Start of Data listing

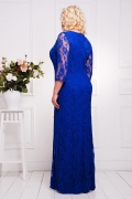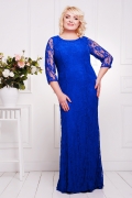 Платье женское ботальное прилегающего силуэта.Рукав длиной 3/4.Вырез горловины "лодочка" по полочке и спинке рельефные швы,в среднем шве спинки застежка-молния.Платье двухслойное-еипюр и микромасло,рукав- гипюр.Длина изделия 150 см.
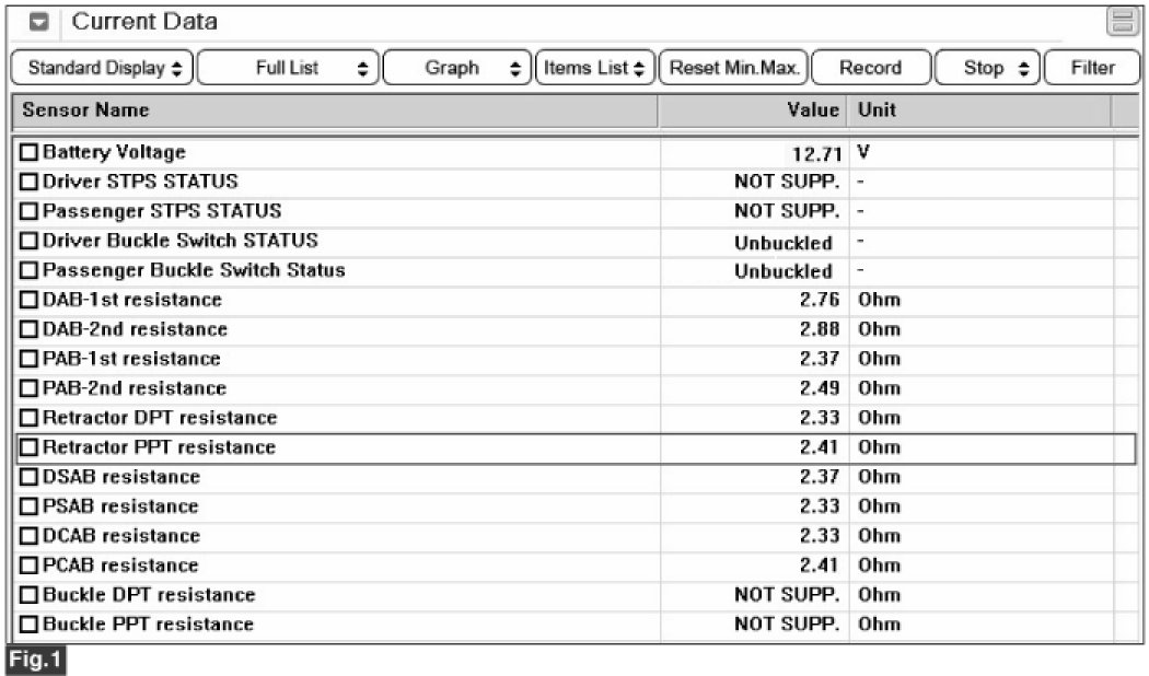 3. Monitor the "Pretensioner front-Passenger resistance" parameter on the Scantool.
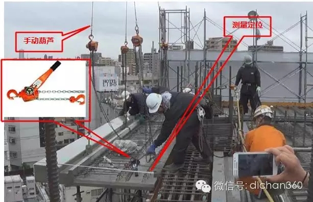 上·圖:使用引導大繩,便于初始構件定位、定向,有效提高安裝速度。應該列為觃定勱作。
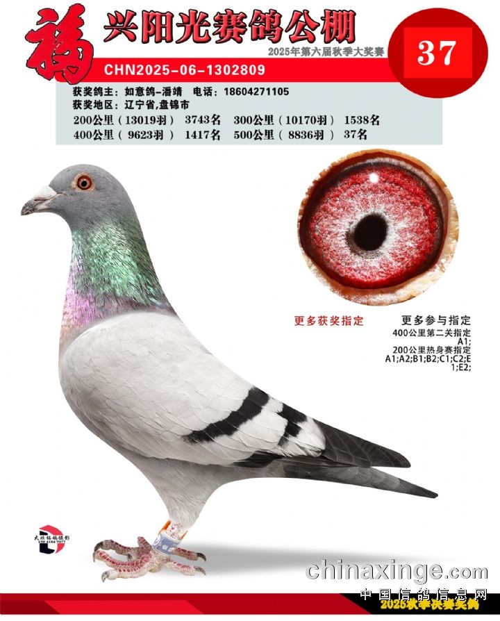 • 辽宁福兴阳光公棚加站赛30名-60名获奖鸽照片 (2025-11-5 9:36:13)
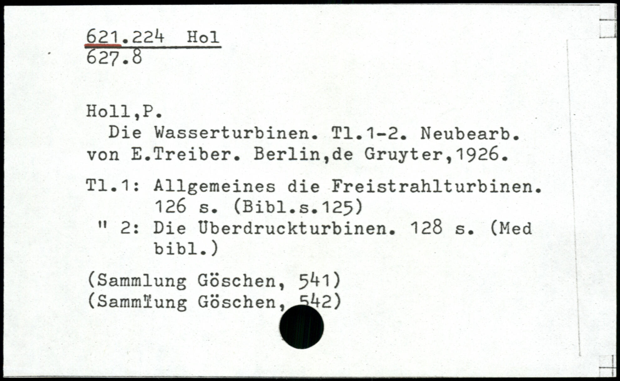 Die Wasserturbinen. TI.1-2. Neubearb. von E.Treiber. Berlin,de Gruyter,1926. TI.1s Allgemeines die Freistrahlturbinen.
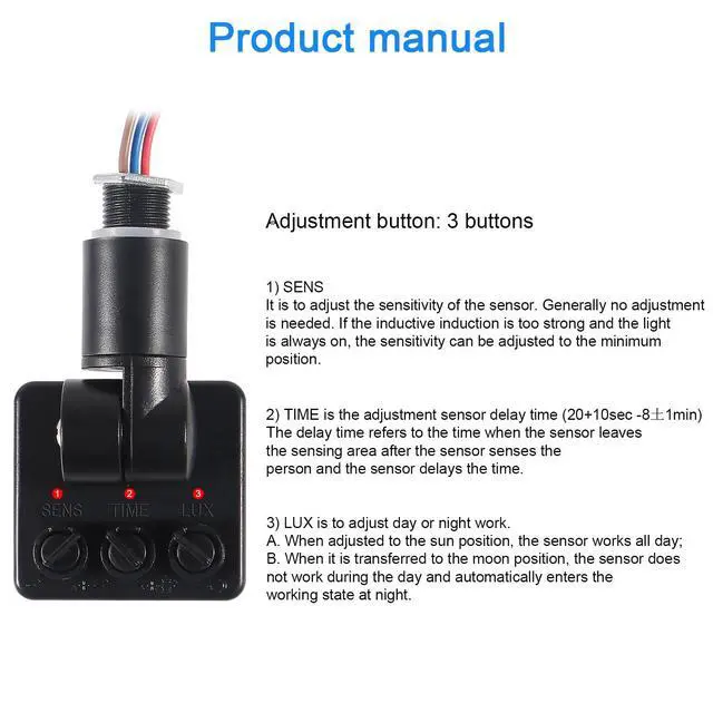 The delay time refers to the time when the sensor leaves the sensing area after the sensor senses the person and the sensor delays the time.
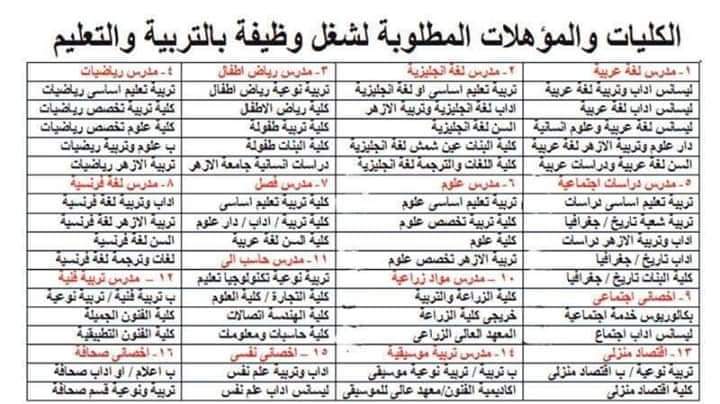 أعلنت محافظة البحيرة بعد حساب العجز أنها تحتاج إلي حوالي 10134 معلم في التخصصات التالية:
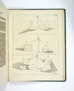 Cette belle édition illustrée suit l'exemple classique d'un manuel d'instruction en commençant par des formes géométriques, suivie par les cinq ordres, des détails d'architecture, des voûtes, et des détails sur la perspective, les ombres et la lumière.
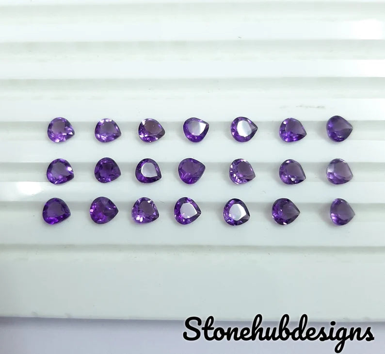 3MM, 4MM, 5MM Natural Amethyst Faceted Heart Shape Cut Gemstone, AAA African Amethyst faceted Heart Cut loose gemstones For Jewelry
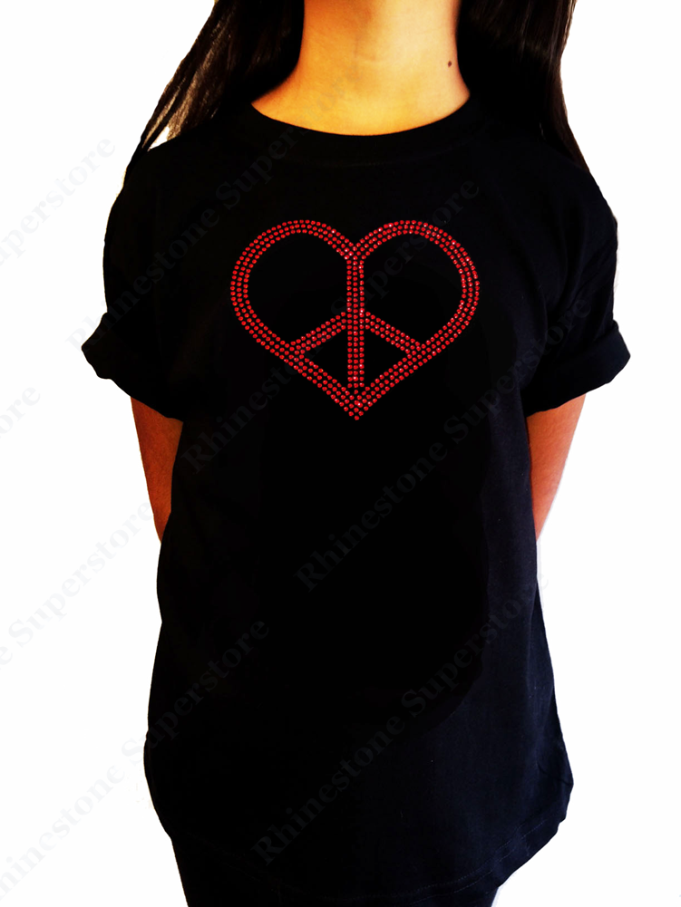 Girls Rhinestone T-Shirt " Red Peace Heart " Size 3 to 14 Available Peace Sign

End of Data listing
Start of Data listing

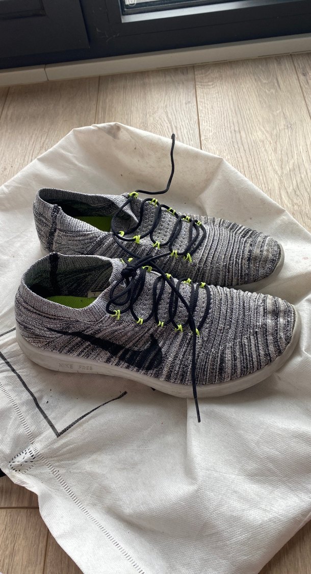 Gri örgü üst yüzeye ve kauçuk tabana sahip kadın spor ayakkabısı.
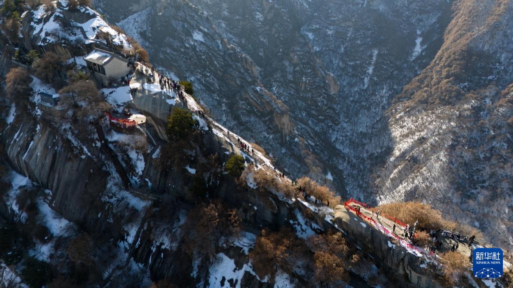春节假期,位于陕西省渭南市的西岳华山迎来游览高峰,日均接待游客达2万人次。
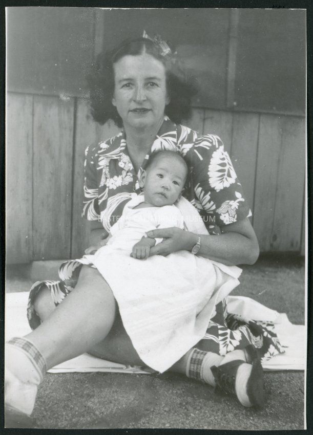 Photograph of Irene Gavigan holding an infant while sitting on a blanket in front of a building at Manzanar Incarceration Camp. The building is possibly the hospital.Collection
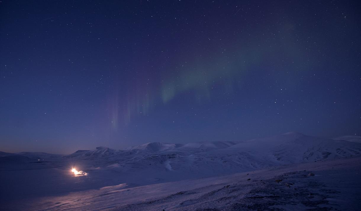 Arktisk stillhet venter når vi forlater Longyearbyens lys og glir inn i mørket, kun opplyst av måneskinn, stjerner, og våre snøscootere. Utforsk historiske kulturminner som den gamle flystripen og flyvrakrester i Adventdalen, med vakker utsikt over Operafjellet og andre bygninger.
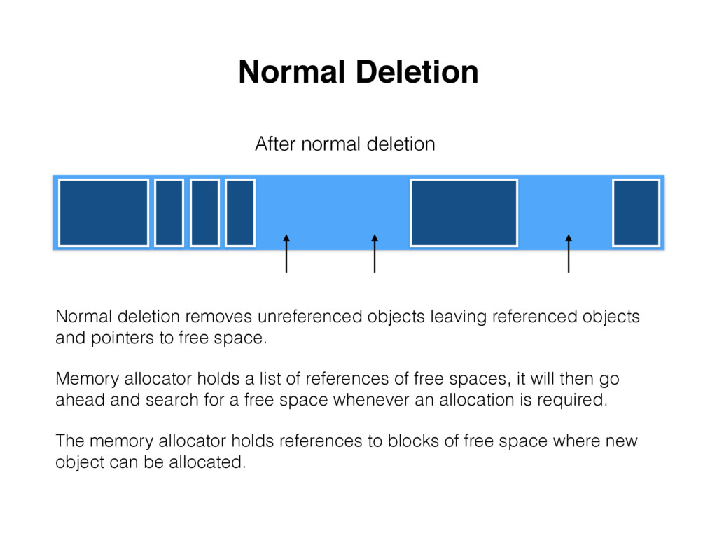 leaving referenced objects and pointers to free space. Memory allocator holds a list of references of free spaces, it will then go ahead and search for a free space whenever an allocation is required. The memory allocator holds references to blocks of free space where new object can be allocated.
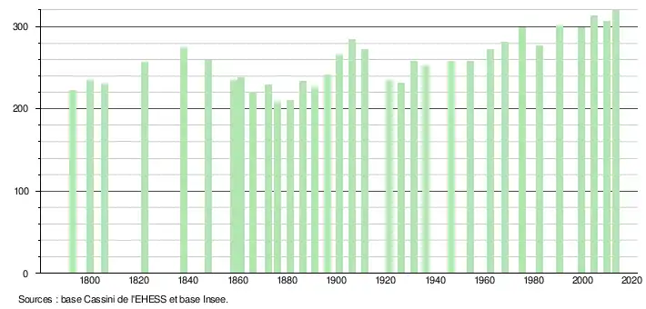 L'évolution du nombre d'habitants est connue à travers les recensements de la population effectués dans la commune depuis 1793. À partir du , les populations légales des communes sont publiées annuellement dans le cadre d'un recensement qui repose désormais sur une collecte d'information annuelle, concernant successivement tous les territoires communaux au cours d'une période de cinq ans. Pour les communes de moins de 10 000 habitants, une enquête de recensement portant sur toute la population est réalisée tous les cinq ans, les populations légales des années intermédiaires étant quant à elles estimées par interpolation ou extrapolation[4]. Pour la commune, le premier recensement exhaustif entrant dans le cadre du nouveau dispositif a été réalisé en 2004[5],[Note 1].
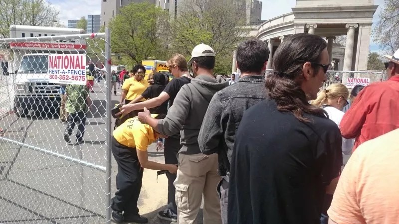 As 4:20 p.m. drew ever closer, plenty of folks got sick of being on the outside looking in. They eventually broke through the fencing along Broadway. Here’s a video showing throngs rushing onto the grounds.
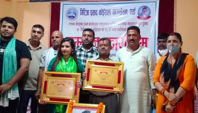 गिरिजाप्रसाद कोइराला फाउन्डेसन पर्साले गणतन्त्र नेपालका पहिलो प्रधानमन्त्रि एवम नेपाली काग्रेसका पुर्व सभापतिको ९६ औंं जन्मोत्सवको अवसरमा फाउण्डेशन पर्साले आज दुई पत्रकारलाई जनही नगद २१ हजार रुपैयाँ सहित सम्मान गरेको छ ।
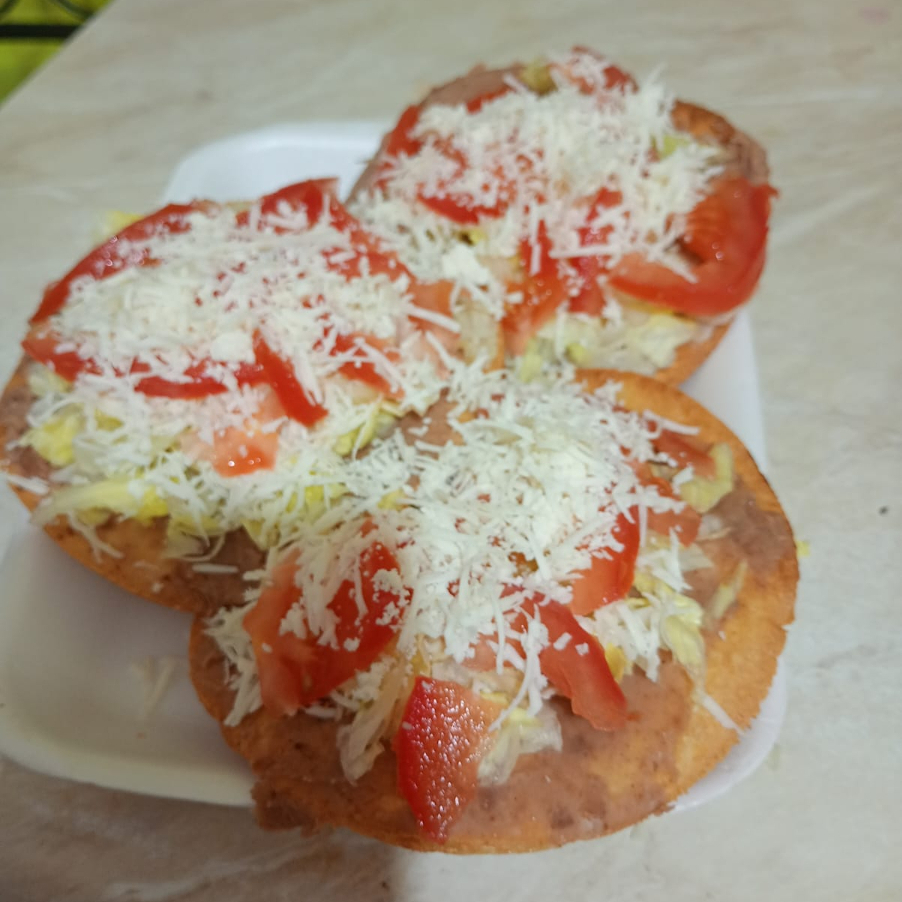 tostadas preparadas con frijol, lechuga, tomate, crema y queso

End of Data listing

▶ **What you need to do**
Leaving out each picture, repeat exactly the lines above from the one that contains "أعلنت محافظة البحيرة" through the one that contains "Girls Rhinestone T-Shirt".

▶ **Result for this task**
 أعلنت محافظة البحيرة بعد حساب العجز أنها تحتاج إلي حوالي 10134 معلم في التخصصات التالية:
 Cette belle édition illustrée suit l'exemple classique d'un manuel d'instruction en commençant par des formes géométriques, suivie par les cinq ordres, des détails d'architecture, des voûtes, et des détails sur la perspective, les ombres et la lumière.
 3MM, 4MM, 5MM Natural Amethyst Faceted Heart Shape Cut Gemstone, AAA African Amethyst faceted Heart Cut loose gemstones For Jewelry
 Girls Rhinestone T-Shirt " Red Peace Heart " Size 3 to 14 Available Peace Sign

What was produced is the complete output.